* _TASK REQUIREMENTS_
Quote each line of the material verbatim, without the pictures.

THE DATA START

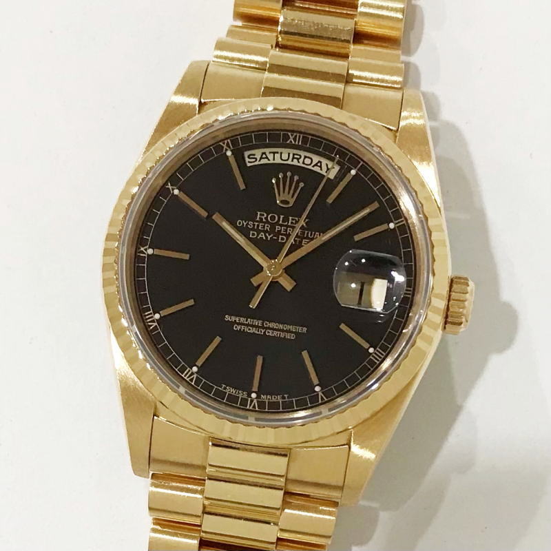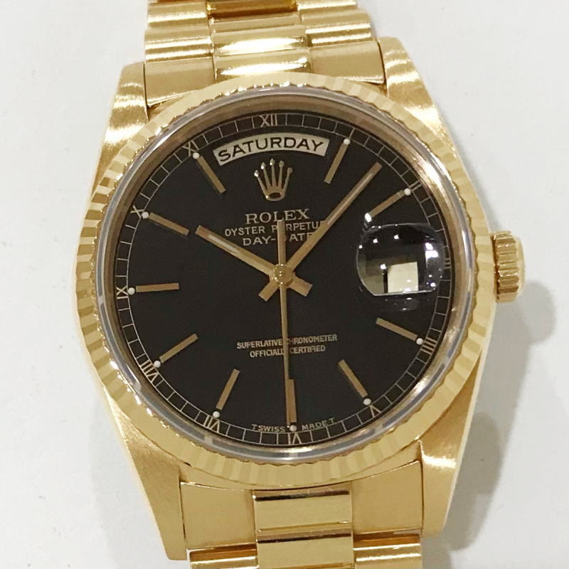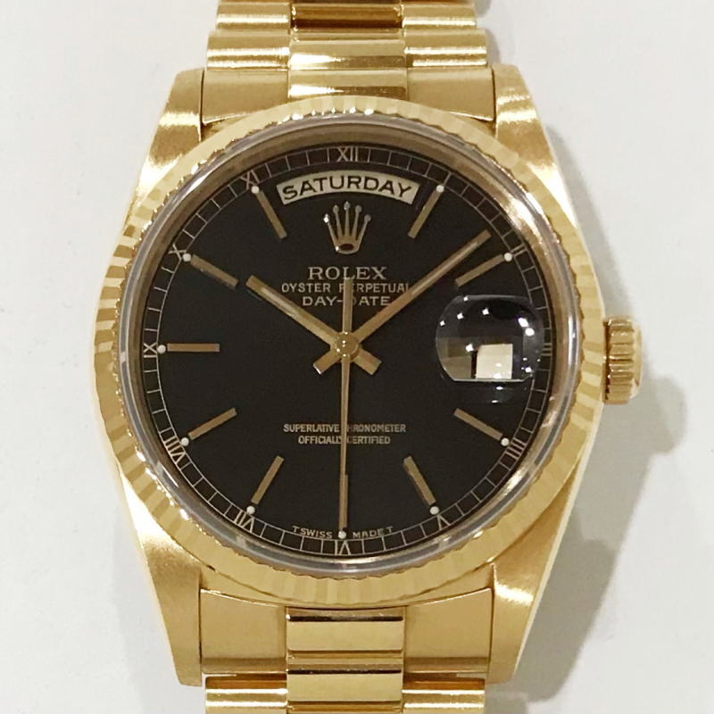 ケース/ダイヤル/ハンド/ブレスレット トータルのコンディションが良く、フォルム/シェイプをキープした デイデイト 18238 黒文字盤です。
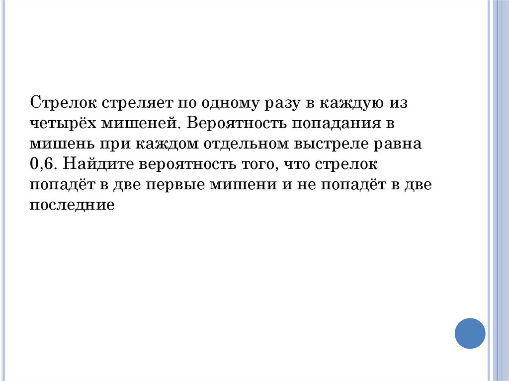 Стрелок стреляет по одному разу в каждую изчетырёх мишеней. Вероятность попадания в
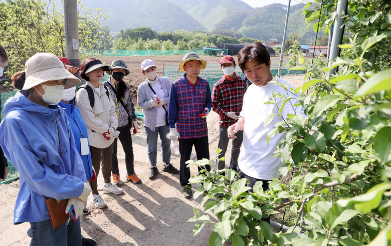 이날 박문희 의장과 의회사무처 직원 80여명은 주말도 반납하고 청주시 상당구 미원면 농가를 방문해 사과접과, 잡초 제거 등에 일손을 보태며 구슬땀을 흘렸다.
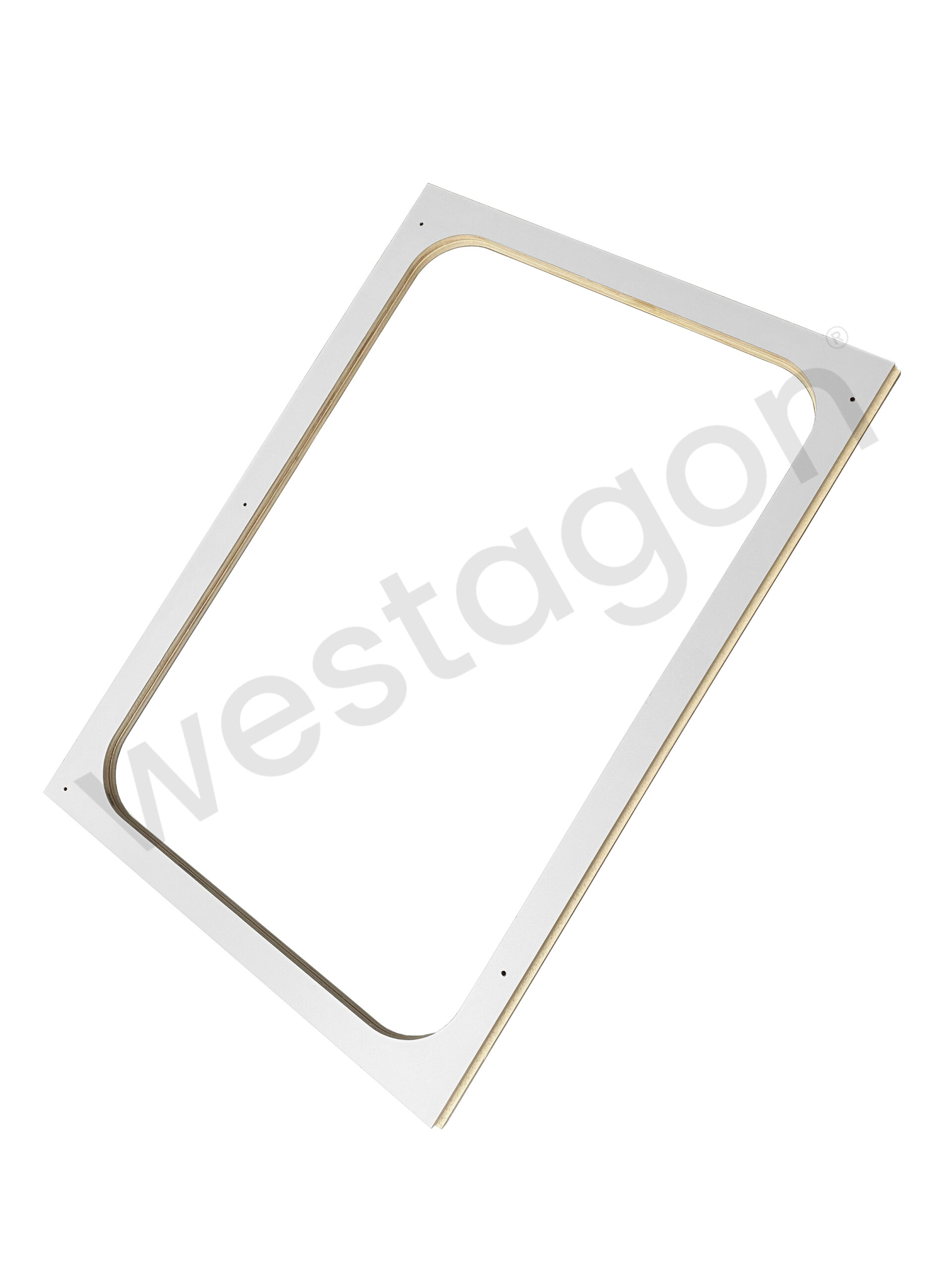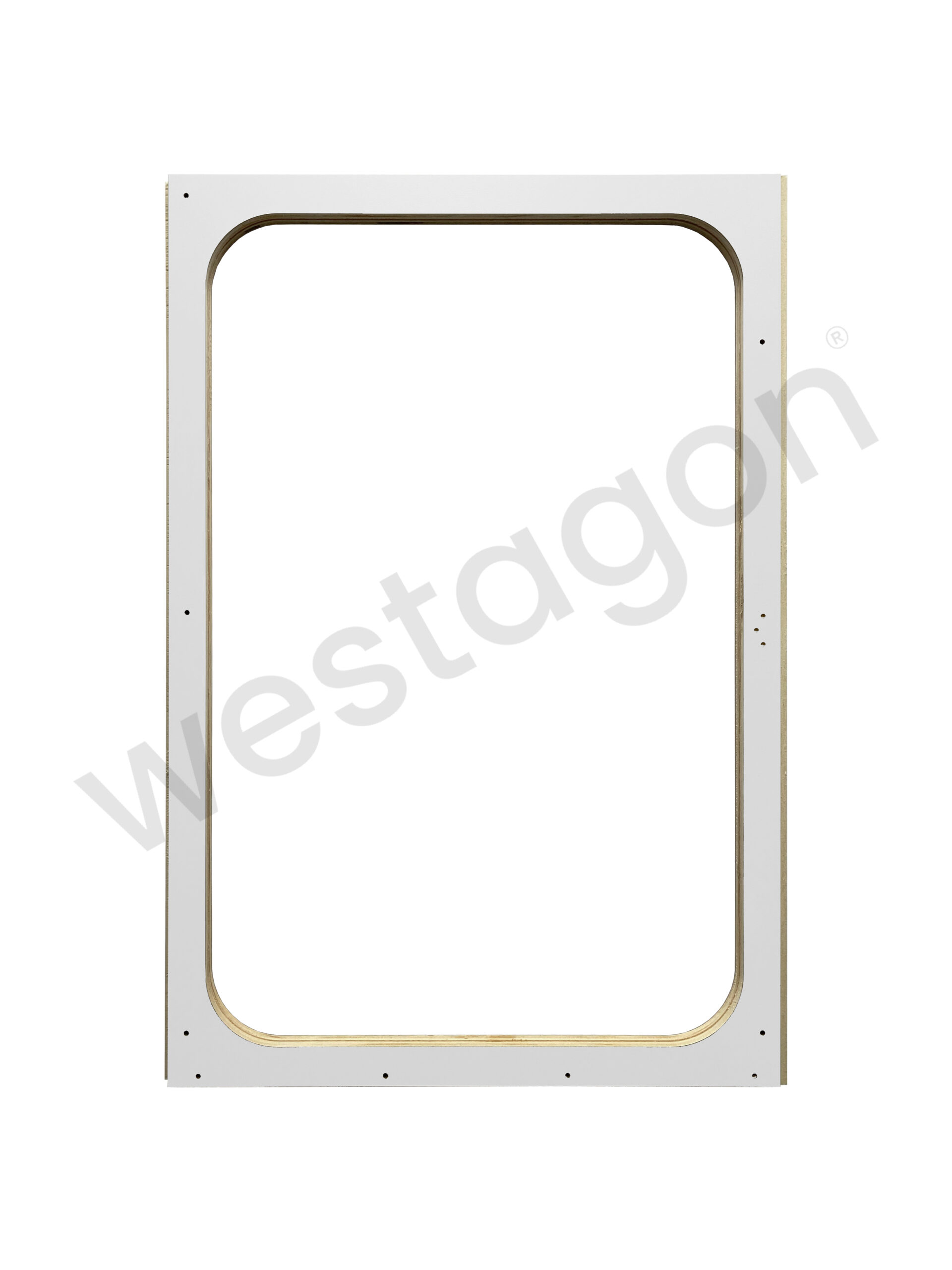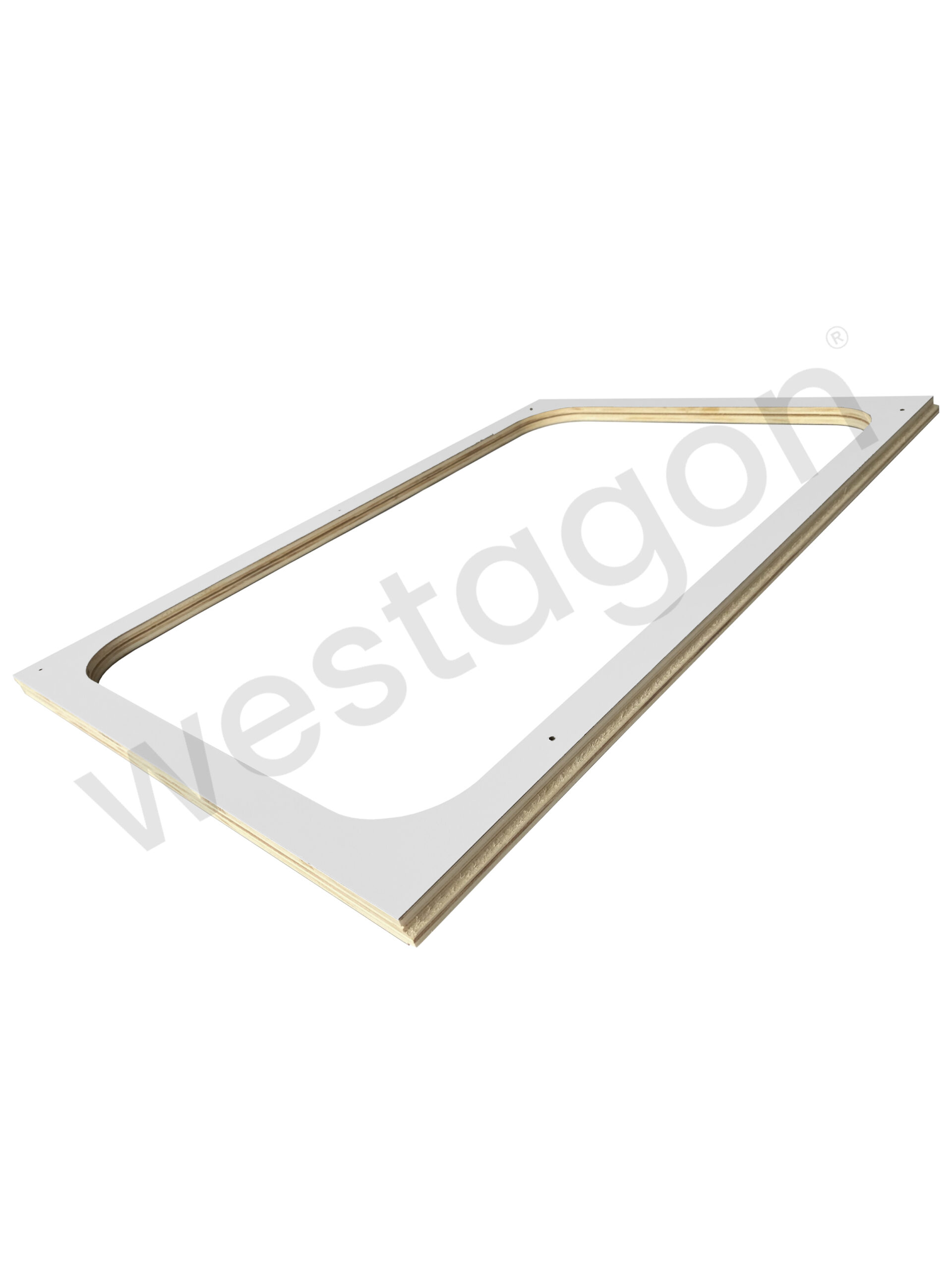 Der graue Rahmen für die Kühlschranktür des Küchenblocks für die VW T3 Westfalia Ausstattung als hochwertige Nachfertigung aus unserem Haus.

THE DATA END

* _WRITTEN RESPONSE_
 ケース/ダイヤル/ハンド/ブレスレット トータルのコンディションが良く、フォルム/シェイプをキープした デイデイト 18238 黒文字盤です。
 Стрелок стреляет по одному разу в каждую изчетырёх мишеней. Вероятность попадания в
 이날 박문희 의장과 의회사무처 직원 80여명은 주말도 반납하고 청주시 상당구 미원면 농가를 방문해 사과접과, 잡초 제거 등에 일손을 보태며 구슬땀을 흘렸다.
 Der graue Rahmen für die Kühlschranktür des Küchenblocks für die VW T3 Westfalia Ausstattung als hochwertige Nachfertigung aus unserem Haus.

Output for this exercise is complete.